LGBT rights: Corbyn’s critics are wrong

Submitted by Matthew on 8 February, 2017 - 11:02 Author: Elizabeth Butterworth

At a recent LGBT History Month event, Jeremy Corbyn said that “Our defence of you is a defence of all of humanity and the right of people to practise the life they want to practise, rather than be criminalised, brutalised and murdered, simply because they chose to be gay, they chose to be lesbian, they were LGBT in any form.”

News outlets described this as a “gaffe” with some getting up in arms about the idea of homosexuality being a “choice” rather than something people are born with. There is not enough scientific evidence either way regarding whether being homosexuality is something we are born with, although some geneticists suggest that we may soon discover a “gay gene” or something like it. Certainly homosexuality is not limited to humans and exists in a range of interesting and surprising forms among animals.

Critics have said that saying people “choose” to be gay or lesbian plays into the hands of the peddlers of “conversion therapies”. Surely, though, this only works if conversion therapy, and therefore straightness, is seen as something desirable and preferable to being LGB+.

Zak Thomas writes in the Independent online, “Trying to promote some one-size-fits-all reasoning for our existence so straight people can understand it reinforces the idea that we have to socially manage ourselves to be accepted”. By criticising the idea that sexual orientation might be a choice, “we imply that if given the option, we would choose to be straight”. Unlike Milo Yiannopoulos, the Trump-supporting, self-proclaimed “dangerous faggot”, I do not wish I were straight, or see it as “aberrant” and I don’t think my fellow homos should “get back in the closet”. But the liberal “born this way”, “love wins” rhetoric is also dangerous and ironically exclusionary of the “wrong type” of gays.

It’s great for those who want to lead a relatively conventional married or monogamous life, but not so much for gay men who cottage, HIV positive people in our community, LGBT sex workers, self-identifying queer or questioning people: roughly speaking, anyone whose existence lies outside that of what can be easily defined and measured according to straight standards.

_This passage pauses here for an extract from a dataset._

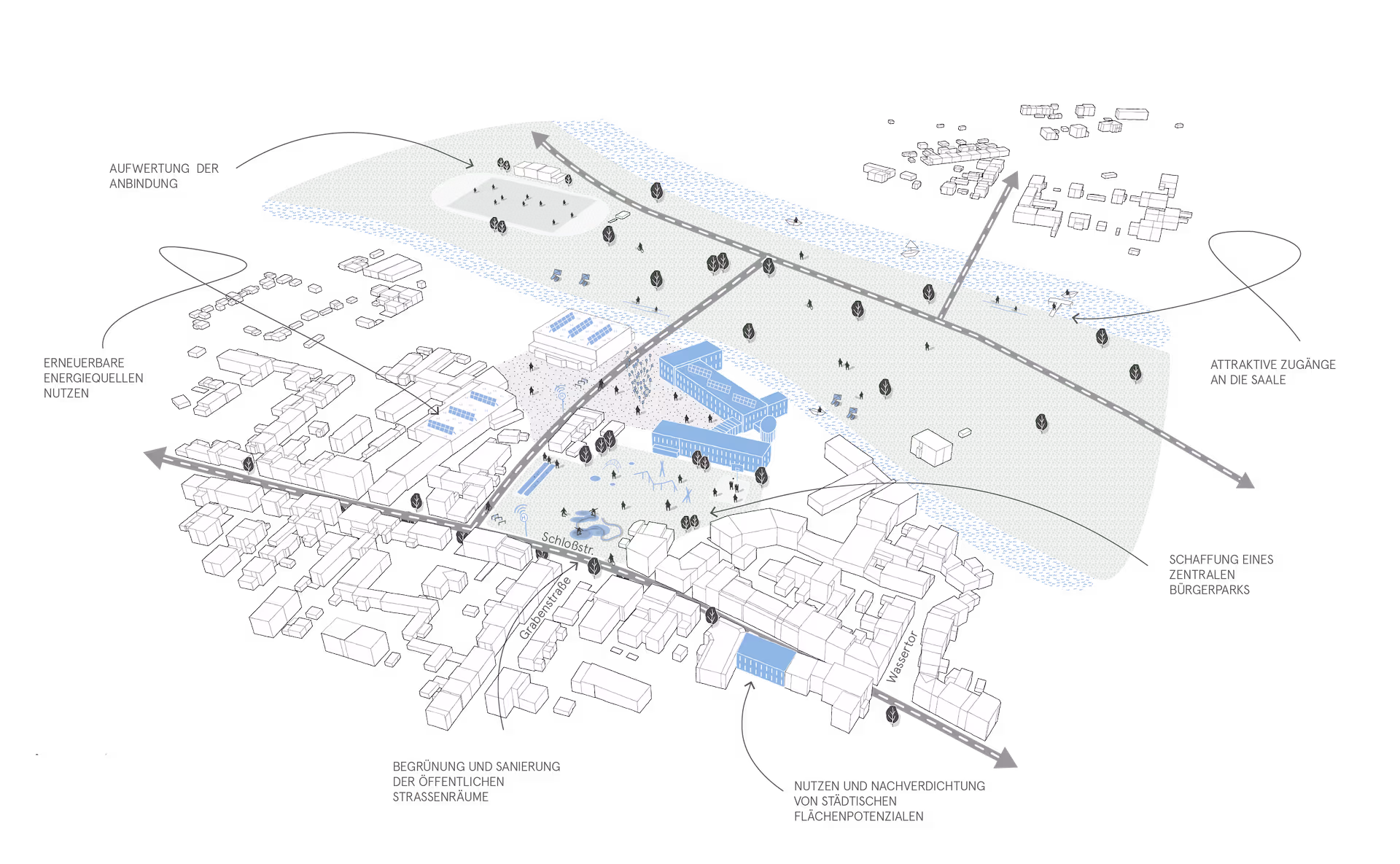 Das ISEK bietet die Möglichkeit, neue Herausforderungen und Aufgabenbereiche der Stadt ganzheitlich zu betrachten. Einzelmaßnahmen konnten in einen größeren Kontext gesetzt werden, um Informationen zu bündeln und somit Zielvorgaben für Verwaltung und Politik zu erarbeiten. Dadurch wurden Chancen zur weiteren Entwicklung Calbes aufgezeigt. In diesem Zusammenhang wurden wichtige Akteure in den Planungsprozess eingebunden und im Rahmen von Bürgerschaftsforen die Einwohner*innen Calbes an der Diskussion der Inhalte des ISEKs beteiligt. Aufbauend auf der Analyse der Grundlagen und einer umfassenden Bestandsaufnahme erfolgte im Rahmen einer SWOT-Analyse die Untersuchung vorhandener Stärken und Schwächen sowie Chancen und Risiken für die weitere Entwicklung Calbes. Im zweiten Arbeitsschritt wurde ein Ziel- und Maßnahmenkonzept formuliert, das die Ideen und Wünsche aus Bürgerschaft, Verwaltung, Politik und den sektoralen Planungen in konkrete Handlungsmaßnahmen überführt. Um dieses Konzept in der Zukunft sortiert und strukturiert angehen zu können, beinhaltet das ISEK einen Strategieplan, der die Konzentration auf die Kernaufgabe vorsieht und benennt Fokusräume, welche stadträumliche Schwerpunkte setzen. So entstand ein umfangreiches Entwicklungskonzept, das den zukünftigen Entwicklungspfad der Stadt Calbe (Saale) bis ins Jahr 2040 leitet.

In his speech, Corbyn also recounted how he had, as a councillor in the 1970s, worked with others to physically defend a Gay Centre from National Front fascists. His voting record on LGBT rights, unlike that of many MPs including Liberal Democrat leader Tim Farron, speaks for itself.

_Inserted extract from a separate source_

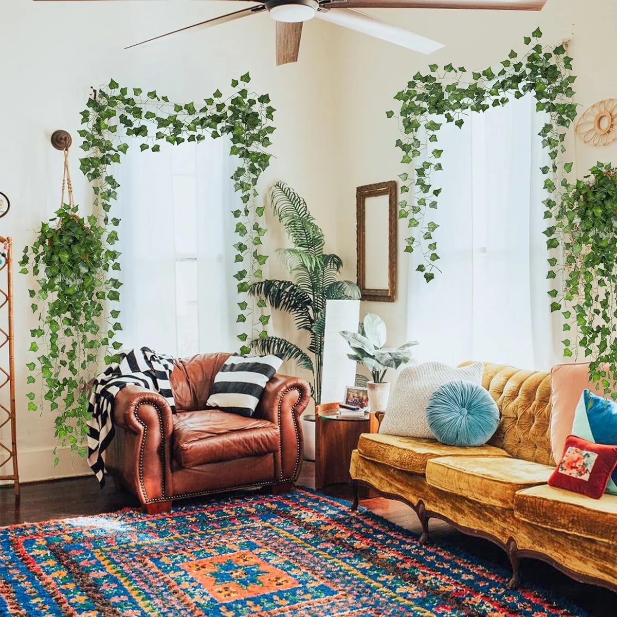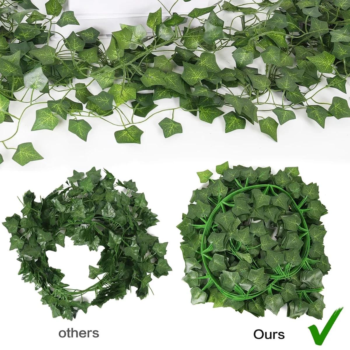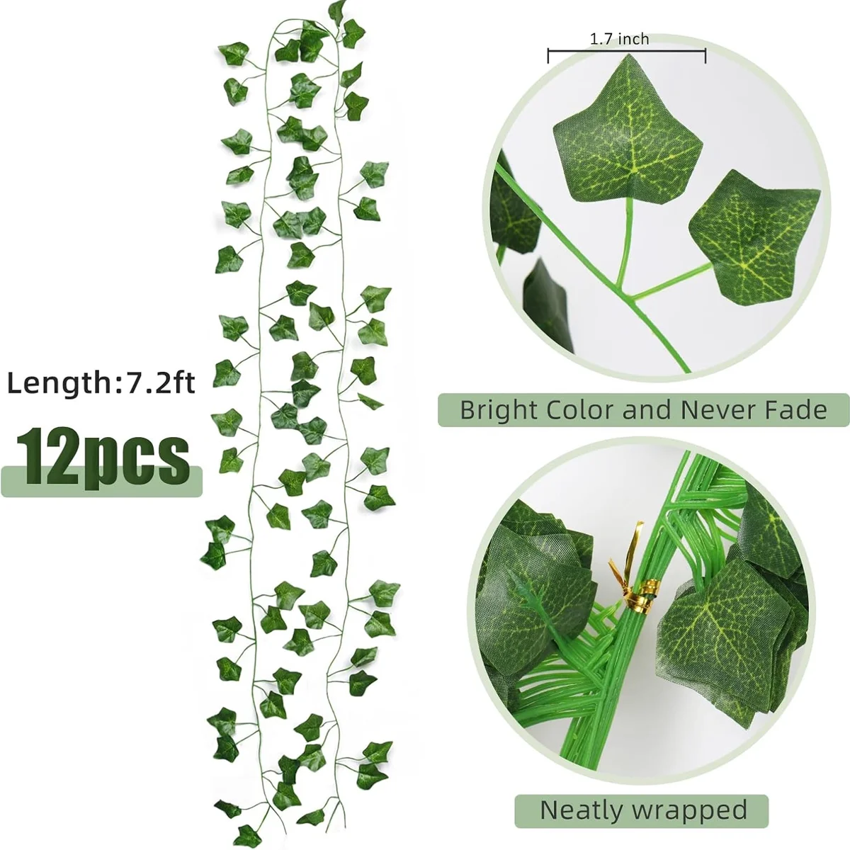 RECUTMS 86 FT Artificial Ivy:Lifelike ivy Used to decorate your room or courtyard,let you feel yourself in the nature and save your boring room space ,And green silk vine wreath will make up for the missing color. The palm shape Ivy foliage wreath does not require any special care,not require watering and deworming,you can enjoy the beauty of natural looking artificial plants .

I have no doubt that Corbyn “misspoke” when he said people “choose” to be gay or lesbian. But so what if we did? It may be a mix of nature, nurture and even (gasp!) choice, but that doesn’t make it illegitimate, it doesn’t mean LGBT people can’t be understood, accepted and equal to cisgendered straights. If being a lesbian was a choice for me, or if I was influenced by those around me, then I still would’ve chosen it. I don’t want to be straight. And perhaps that kind of talk is what Corbyn’s critics are really afraid of.